For further details with respect to this Order, see the initial
application dated January 22, 2009 (Agencywide Documents Access and
Management System (ADAMS) Accession No. ML090290101), as supplemented
by letters dated February 26 (ML090630426), April 8 (ML091000665), June
25 (ML091811094), and July 27, 2009 (ML092150712), October 15
(ML092920168), October 19 (ML092990101), October 25 (ML093000127 and
ML093000141), October 26 (ML093000506), and October 28, 2009
(ML092150712) and the SE (ML093010003) with the same date as this
Order, which are available for public inspection at the Commission's
Public Document Room (PDR), located at One White Flint North, 11555
Rockville Pike, Room O-1 F21 (First Floor), Rockville, Maryland, and
accessible electronically from the ADAMS Public Electronic Reading Room
on the Internet at the NRC Web site, http://www.nrc.gov/reading-rm/adams.html.
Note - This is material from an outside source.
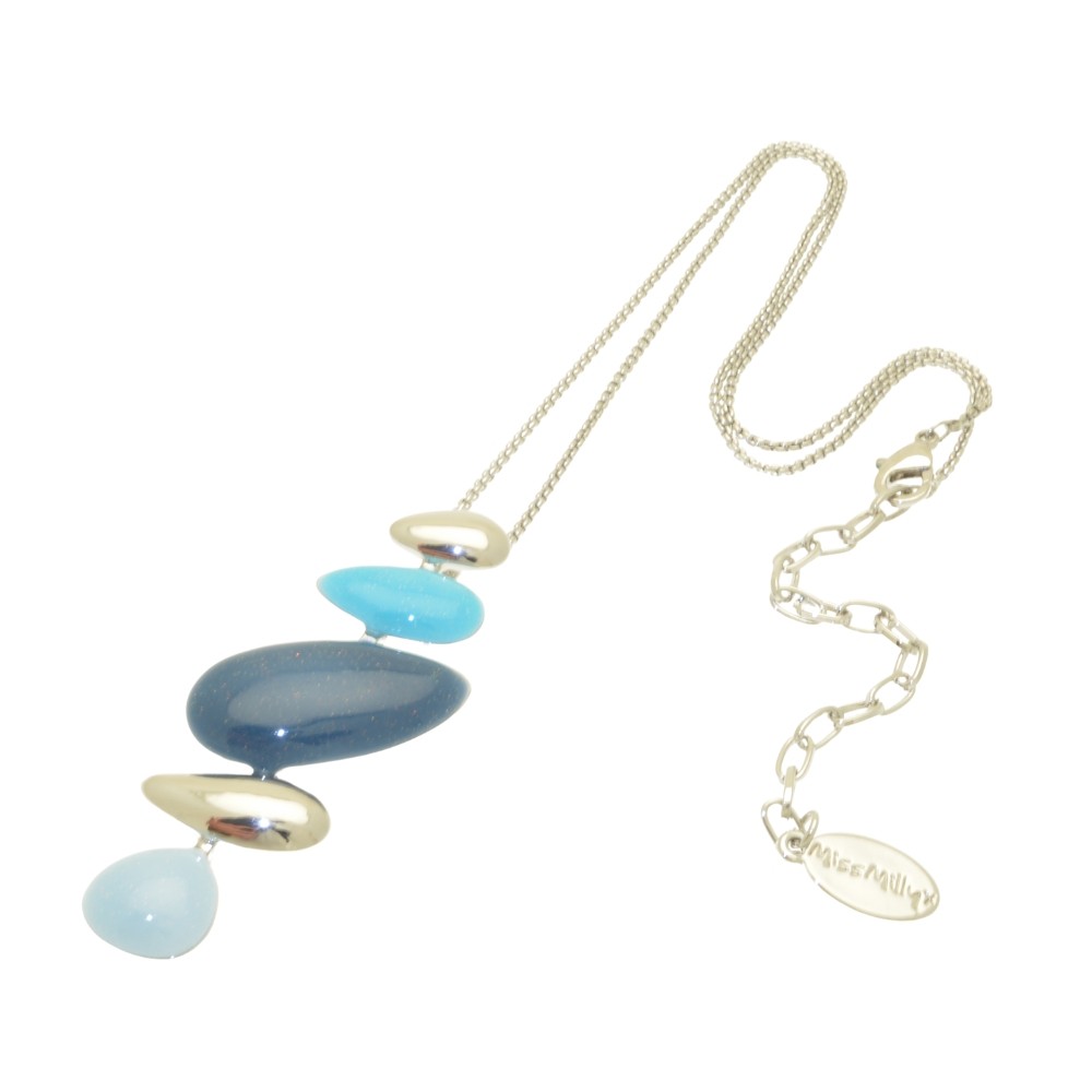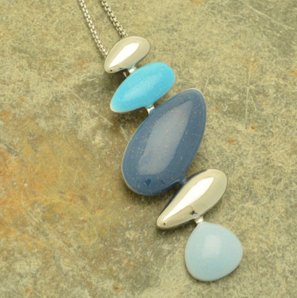 Combining silky smooth petrol blue, turquoise and powder blue glossy finishes with shiny silver, this necklace resembles a stack of pebbles on the beach. The pendant is approximately 6cm high by 3.5cm wide and hangs from a 41cm / 16″ chain with lobster clasp and 8cm extender.

Persons who do not have access to ADAMS, or who encounter
problems in accessing the documents located in ADAMS, should contact
the NRC PDR Reference staff by telephone at 1-800-397-4209 or 301-415-
4737, or by e-mail at [email protected].
Dated at Rockville, Maryland, this 30th day of October 2009.
For the Nuclear Regulatory Commission.
Eric J. Leeds,
Director, Office of Nuclear Reactor Regulation.